FusionHub router Throughputand VPN Throughput

Hi Support,

So, if I activate 1000 peers with 1 Gbps bandwidth each, does that mean the total network Throughput either total VPN Throughput(upload + download) are both 1 Gbps?

Regard,
Bit.

Not sure I understand the question.
A fusionhub with a 1000 peer license will support whatever throughput the underlying hypervisor can deliver within the limitation of the Fusionhub OS’s multi-thread performance.

You shouldn’t do 1000 peers on a single FusionHub though if you want to stay sane. The UI it’s geared up for it and if you have a network outage the CPU load of 1000 peers trying to reconnect and start VPN tunnels at exactly the same time will cripple most Fusinohub vms.

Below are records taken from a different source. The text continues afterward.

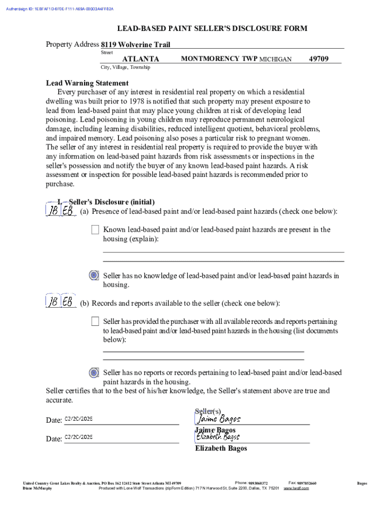Sample Completed Michigan Lead-Based Paint Seller's Disclosure Form
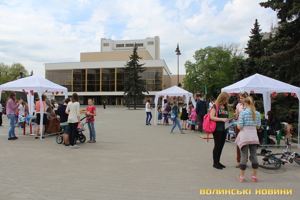 У центрі Луцька сьогодні, 27-го квітня, встановили три палатки, в яких проводили збір коштів для закупівлі медобладнання у волинські лікарні, яке необхідне для лікування дітей з вадами зору.
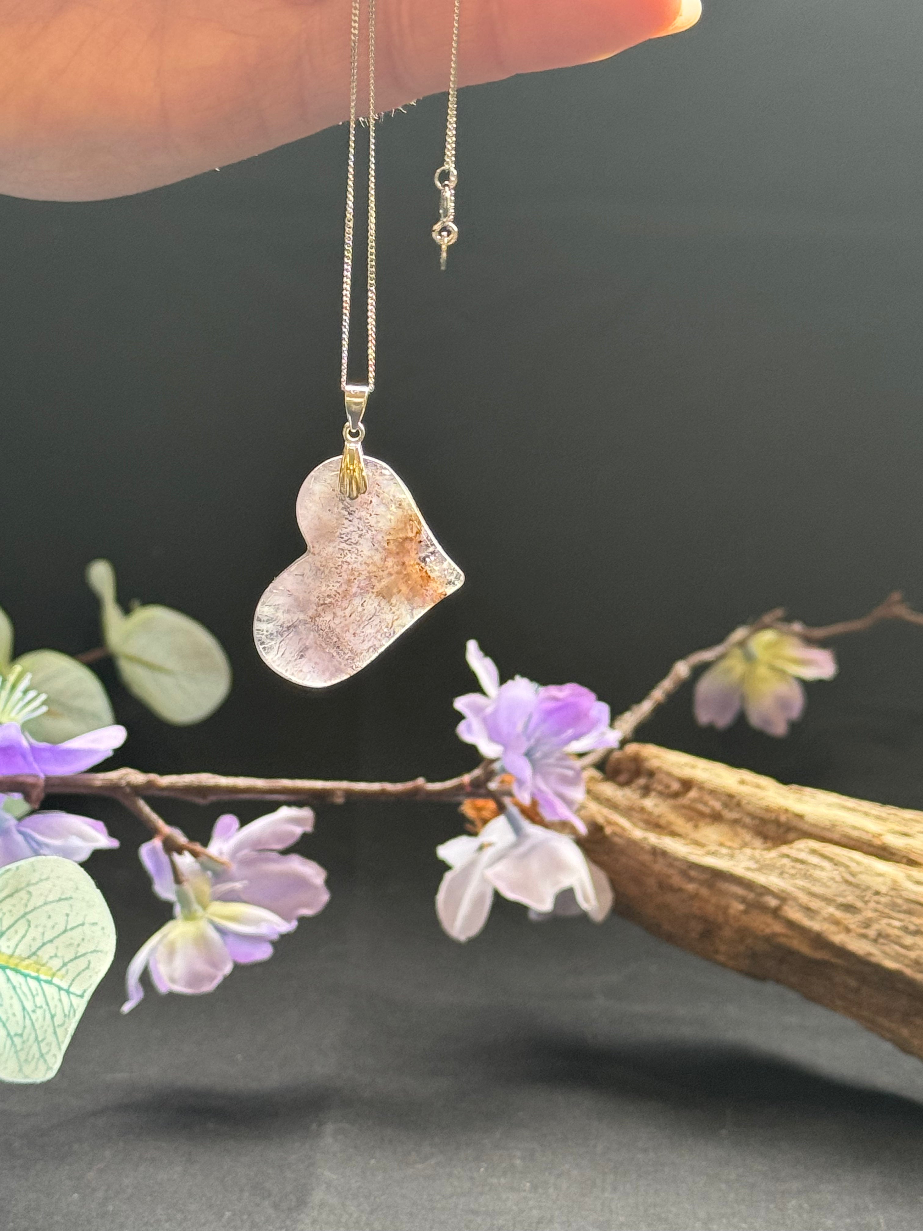 Open media with position 5 in modal popup Natural Auralite 23 Heart Pendant Necklace, With or Without Chain, Authentic, Beautiful and Rare - The Celestial Boutique
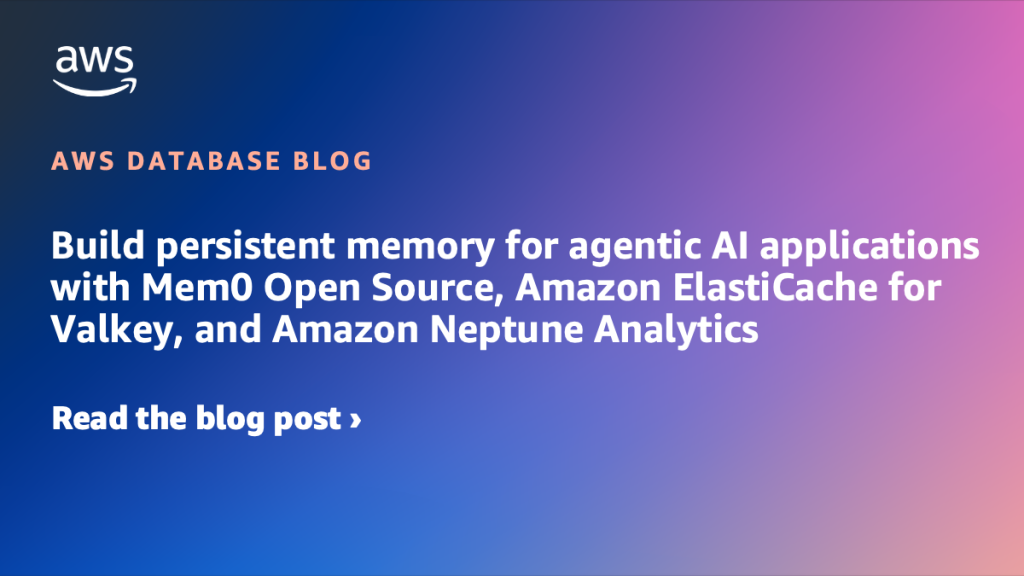 Today, we’re announcing a new integration between Mem0 Open Source, Amazon ElastiCache for Valkey, and Amazon Neptune Analytics to provide persistent memory capabilities to agentic AI applications. This integration solves a critical challenge when building agentic AI applications: without persistent memory, agents forget everything between conversations, making it impossible to deliver personalized experiences or complete multi-step tasks effectively. In this post, we show how you can use this new Mem0 integration.
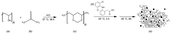 Schematic overview of the experimental workflow for PVFM preparation and diclofenac loading. (a–d) Steps of polymer synthesis, membrane casting and crosslinking at different HCl concentrations; (e) representation of the PVFM network with anchored diclofenac.
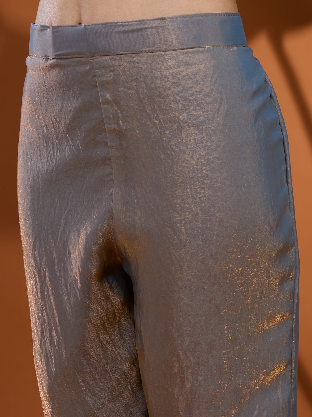 Grey Sequins Soft Raw Silk Readymade Salwar Suit
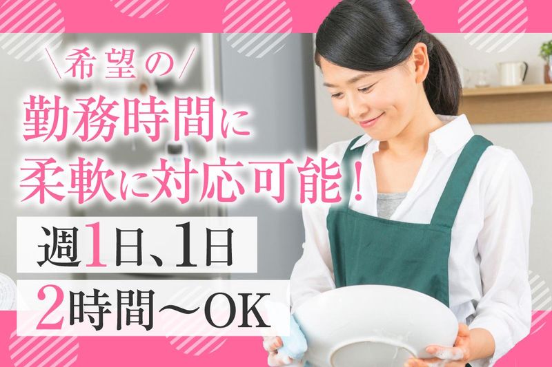 職種/仕事内容 | 仕事内容 <20-40代の女性活躍中!> 時間帯はとにかく融通が利く! 未経験からのチャレンジ大歓迎 ブランクがある方も大丈夫! 週1日~、1日2時間~短時間も可 <仕事内容> 日々の暮らしでの「家事」には 給与が発生しませんが・・・ その家事で稼いでみませんか? 特別なスキルは要りません。 ・洗濯 ・掃除 ・片付け ・料理 など を丁寧にやるだけ!! 研修中は先輩スタッフが 同行し丁寧に指導と サポートしますので 安心して始められます! <先輩スタッフにインタビュー> 30代/女性 結婚、出産を機に 仕事を休職していたんです。 前職は事務をしていたのですが、 子どもも小さくまだ完全に 復帰する余裕はないので 週1日~短時間でもOK とのことで応募しました。 丁寧な研修制度が整っており 初めての私でも大丈夫でした。 融通も利きますし、 長く腰をすえてお仕事できる 環境です! |

200-400 peers is a sweet spot and by distributing your peers across multiple fusionhubs on multiple hosts you’d benefit from inherently higher levels of resilience.

Hi Sir,

I mean fusionhub 1Gbps bandwidth is router throughput either vpn throughput ?

Regard,
Bit.

But you don’t buy Fusionhub licensing by bandwidth. You buy licensing by peer count.

Any bandwidth limitation comes from the underlying physical hypervisor network interfaces you are running the Fusionhub Virtual machine on.

I don’t think I have ever seen a table of Fusionhub virtual hardware resources against throughput. We should make one.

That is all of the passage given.